Infant handling by female Barbary macaques (Macaca sylvanus) at Affenberg Salem: testing functional and evolutionary hypotheses.
Behavioral Ecology and Sociobiology 39: 133–145. https://doi.org/10.1007/s002650050275.
Arbeit durchgeführt im Affenberg Salem
Assisting the genetic parents in the rearing of young, a widespread phenomenon in many birds and mammals, is usually regarded as an altruistic or mutualistic behavior. Infant handling by females other than the mother is also common in many primates, but due to high within- and between-species variation and limited knowledge about fitness consequences there is no consensus about its evolutionary and functional significance. Analysis of female infant-handling patterns and its reproductive consequences in three groups of semifree-ranging Barbary macaques revealed that nulliparous females significantly more often handled infants than parous females, but infant handling experience did not affect survival of their own first live-born offspring. Females interacted preferentially with closely related infants, but infant handling frequency improved neither infant survival nor maternal fecundity. Reciprocation of infant handling by mothers was rare. Although “aunting to death” occurred in the population, the hypothesis that infant handling serves to reduce the fitness of competitors was not supported.
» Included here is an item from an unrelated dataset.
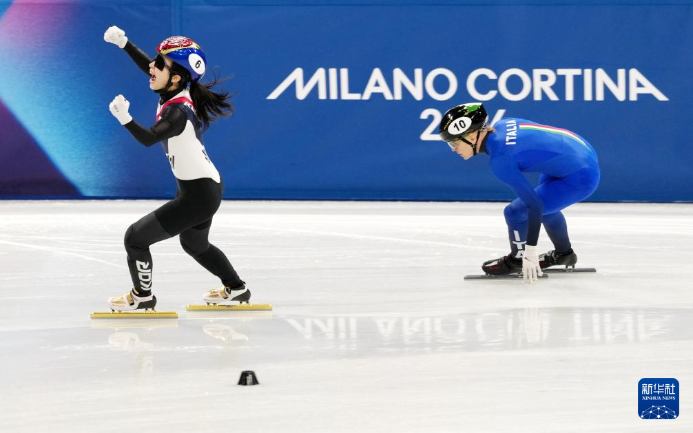 2月18日,韩国队选手金吉莉(左)在比赛中率先冲线后庆祝。

Limited evidence suggests that females at least sometimes use infants as strategic tools in the course of alliance formation. In concert with this poor evidence for a functional basis of the behavior, several lines of evidence support the hypothesis that infant handling evolved as a non-adaptive by-product of a strong selection for mother-offspring bonding. (1) Rates of infant handling were highest among females that experienced early infant loss. (2) Females caring for infants or yearlings of their own handled other infants significantly less often than females without dependent offspring. (3) Infant handling by females was most prevalent during the infants’ first month of life. (4) Both “aunting to death” and a successful adoption occurred irrespective of kinship relations. Although the by-product hypothesis appears to be the only one able to explain all results of this study, the apparent rarity of infant handling in non-female-bonded species suggest that kin selection is a possible alternative explanation for the evolution of female infant-handling in primates.